Like every father, Neil Clark Warren worried about whether each of his three daughters would marry the right guy. But not every father turns that concern into a billion-dollar matchmaking business.
As a clinical psychologist and theologian for nearly 40 years, Warren had counseled thousands of couples who couldn’t get along. He was a front-row witness to what he calls the horror of divorce. Statistics painted a bleak picture for his girls.
“Half the people who get married in America are ending up divorced, and of those who stay together, half say they’re not very happy,” Warren notes. How could he help them beat the odds?
To find out why marriages failed, Warren conducted over 500 “divorce autopsies,” interviewing the former spouses, their children and even their parents. The big surprise was that rifts in the relationship had roots far earlier than expected: “We found that over 70 percent of the couples indicated that they were in pretty deep trouble when they first married.”

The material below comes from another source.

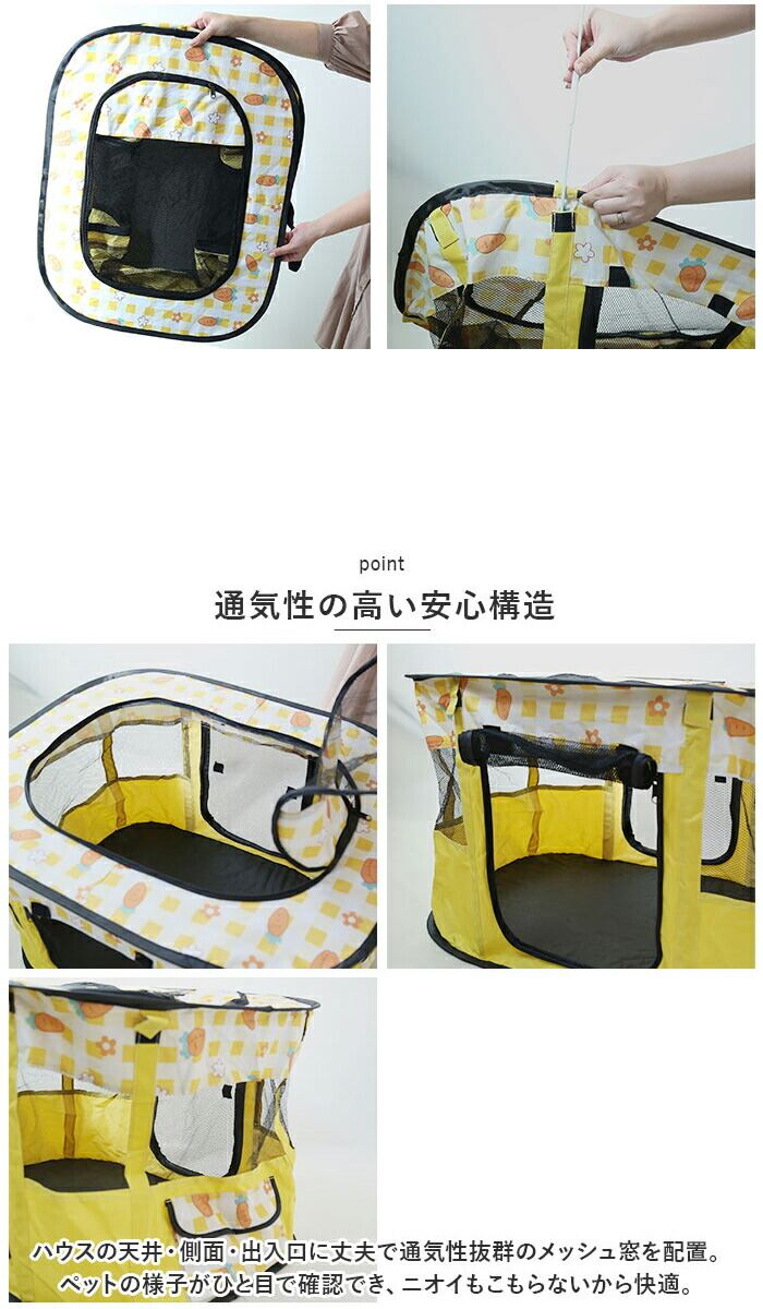 ・ハウスの天井・側面・出入口に丈夫で通気性抜群のメッシュ窓を配置。ペットの様子がひと目で確認でき、ニオイもこもらないから快適。

Warren wondered how he could help people do a better job at selecting a mate. He decided to administer a series of standard tests to 5,000 married people to assess their compatibility. After a rigorous statistical analysis, he says, “we ended up with 800 really solid subjects. We had 200 people in the very happily married category, 200 who were pretty happy but not totally, 200 who were not very happy at all but not ready to quit, and 200 in the very discouraged group.”

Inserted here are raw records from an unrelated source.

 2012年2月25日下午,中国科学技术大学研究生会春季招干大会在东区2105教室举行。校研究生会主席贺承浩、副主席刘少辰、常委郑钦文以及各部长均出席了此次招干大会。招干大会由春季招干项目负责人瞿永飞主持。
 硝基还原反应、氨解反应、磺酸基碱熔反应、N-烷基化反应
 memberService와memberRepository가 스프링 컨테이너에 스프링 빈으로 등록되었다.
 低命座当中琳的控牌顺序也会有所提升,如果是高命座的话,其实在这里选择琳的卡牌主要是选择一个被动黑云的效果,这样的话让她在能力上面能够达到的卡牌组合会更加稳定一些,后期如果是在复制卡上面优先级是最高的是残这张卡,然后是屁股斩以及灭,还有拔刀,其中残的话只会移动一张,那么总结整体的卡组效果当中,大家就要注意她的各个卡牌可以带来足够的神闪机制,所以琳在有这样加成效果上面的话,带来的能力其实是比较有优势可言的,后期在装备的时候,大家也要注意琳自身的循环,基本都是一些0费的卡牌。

Warren then compared the very happily married people with the very discouraged group and struck gold: The two groups had significantly different answers in 29 categories. He hypothesized that if he could bring together people with similar responses in those categories — which include curiosity, intellect, appearance, sexual passion, sense of humor, anger management, self-perception, spirituality and values — the likelihood they’d find the ideal partner would soar.
In the late 1990s, online dating was in its infancy. “It was almost all men and it was a little sleazy,” Warren says. “But in time, I began to see that was the only way we could put people together in a good way.”